Reviews May 18, 2010
Secret Agent
Even in an era when afrobeat is the apotheosis of cool, drummer and bandleader Tony Allen is the apothoeosis of afrobeat cool.  His most ambitious album to date, Secret Agent features Allen’s multinational touring band in a set of songs that pays subtle homage to Fela Kuti—with whom Allen helped to create the afrobeat sound during a collaboration that lasted from 1965 until 1980—as well as highlife, jazz, R&B and even hip hop.  But mostly, Allen’s roiling but supremely relaxed compositions bear his own sublime, understated stamp and create a universe where all these genres coexist, rooted in the unrivalled sizzle of his signature hi-hat and double-hit b-boom of his bass drum.

Born in 1940 and a drummer from his youth, Allen quickly became an acolyte of Art Blakey. He noted that Nigerian drummers in the 60s scarcely used the hi-hat, so he made it a centerpiece in his sound. Allen’s individualism and jazz sensibility made him the perfect drummer for the young Fela, and they collaborated in a jazz combo before forming the quasi-highlife band Koola Lobitos in 1965. That outfit became the archetypal afrobeat band Africa 70 five years later, and Allen’s mature drumming style defined its elegantly churning groove. In addition to many recordings with Fela, Allen headlined 3 albums with Africa 70 before distancing himself from the ever-growing Fela entourage in the early 80s. Allen moved to London in 1984, and then to Paris, where he launched a solo career that includes five CDs, culminating in this one.

Allen says he writes like a drummer, and certainly these songs are first and foremost about groove. These particular grooves, created with keyboard player and arranger Fixi, are superbly crafted. Each song is laced with distinguishing detail—clean bluesy guitar on “Secret Agent,” trombones and accordion on “Busybody,” and chromatic harmonica and growling electric piano on “Nina Lowo (Money is to Be Spent).” The brooding seriousness of afrobeat hovers persistently, but many of these songs are upbeat emotionally, even celebratory.

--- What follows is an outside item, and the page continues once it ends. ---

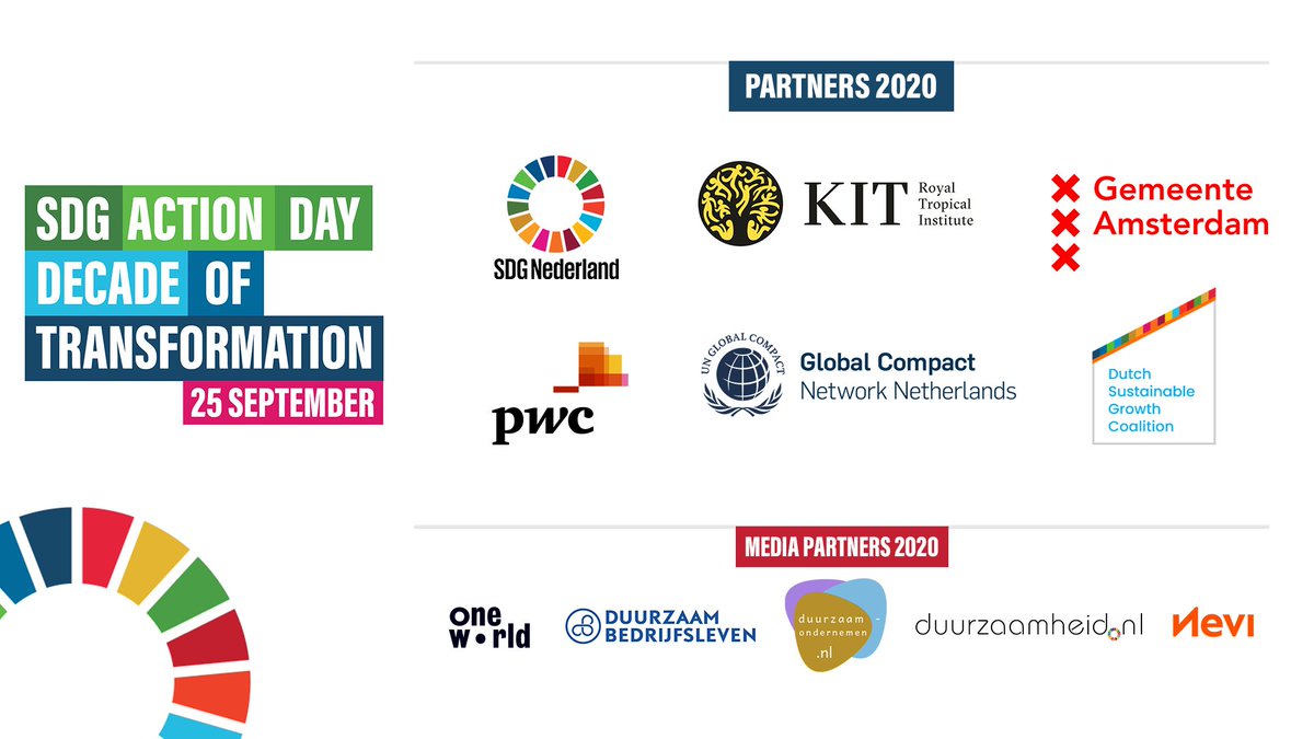 Met partners als @100KIT, @amsterdamNL, @PwC_Nederland, @DSGCoalition, @GlobalCompactNL, @OneWorldNL, @DuurzOndern, @DuurzaamBV, @NEVI_NL en @dzh_nl kan de #SDGActionDay2020 op 25 sept niet anders dan een succes worden. Tickets --> http://sdgactionday.nl . #decadeoftransformationpic.twitter.com/7EktW0Lls2
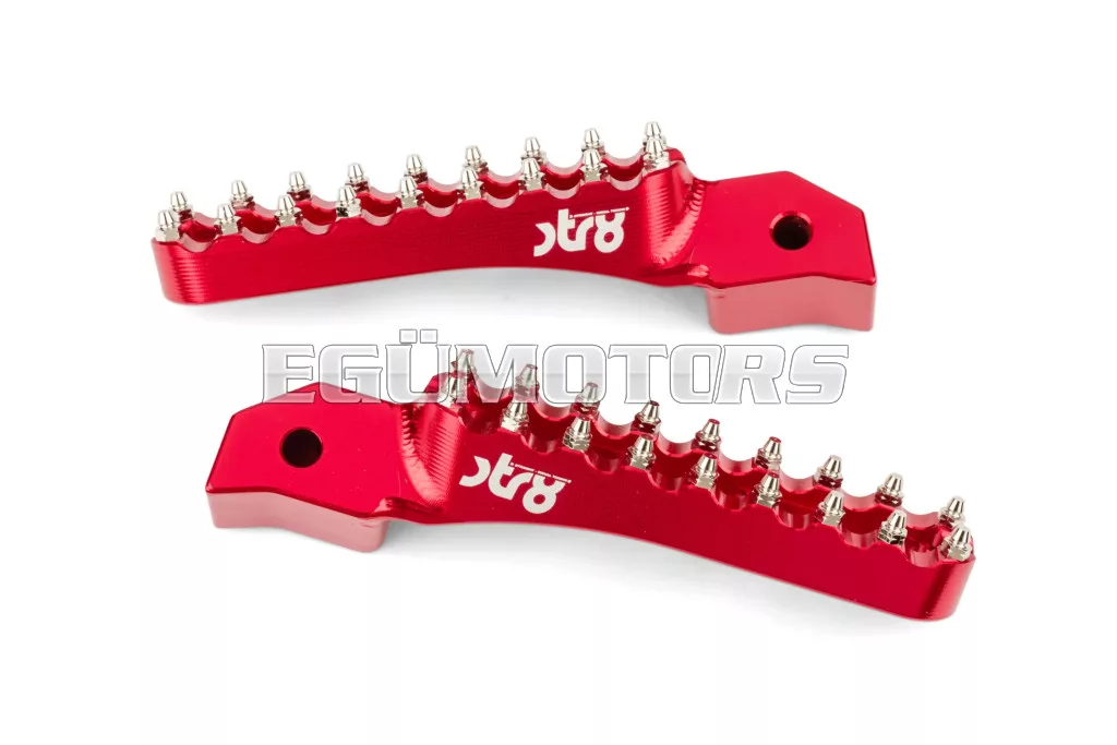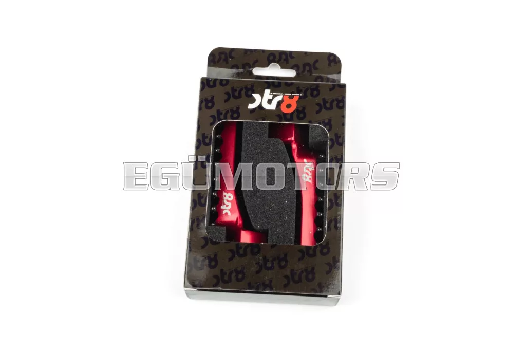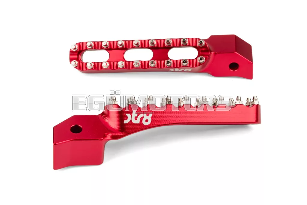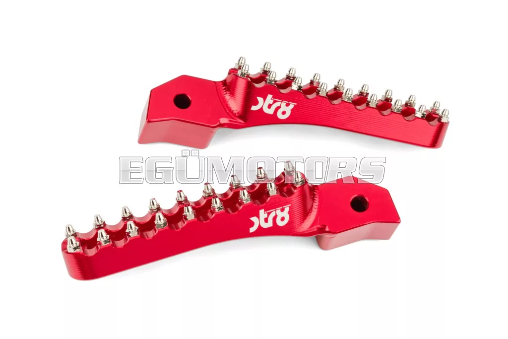 Adj stílust és jobb tapadást 50cc-es motorodnak: az STR8 utas lábtartók CNC-megmunkált, eloxált alumíniumból készülnek. Látványos megjelenést és stabil alátámasztást biztosítanak. Tisztán lézergravírozott STR8 logóval és agresszív, motocross stílusú fogazással a még jobb tapadás érdekében.

Allen holds forth vocally with his distinctive, dry whisper on the opening title track, and also the closer “Elewon Po (Too Many Prisoners)” with its interlocked guitars and old-school brass bringing in hints of highlife ambiance. On the extra-funky “Pariwo (Shout, Protest, Make Some Noise)” King Odudu takes the lead vocal, unleashing a raucous rasp that pointedly evokes the feisty spirit of Fela, underscoring the contrast with the more subtle and emotionally complex material that surrounds it. The rich voice of Orobiyi Adunni (aka AYO) brings an R&B diva feel and English language vocals—not especially memorable lyrically—to a few tracks, and the ubiquitous female afrobeat chorus emerges tastefully in a number of these mixes.

In the end, this is not so much an album about message as vibe. Allen is now an Afropop elder, a survivor who carries many banners but stands among them as an absolute original, a master of mood, a man with much to offer but nothing left to prove.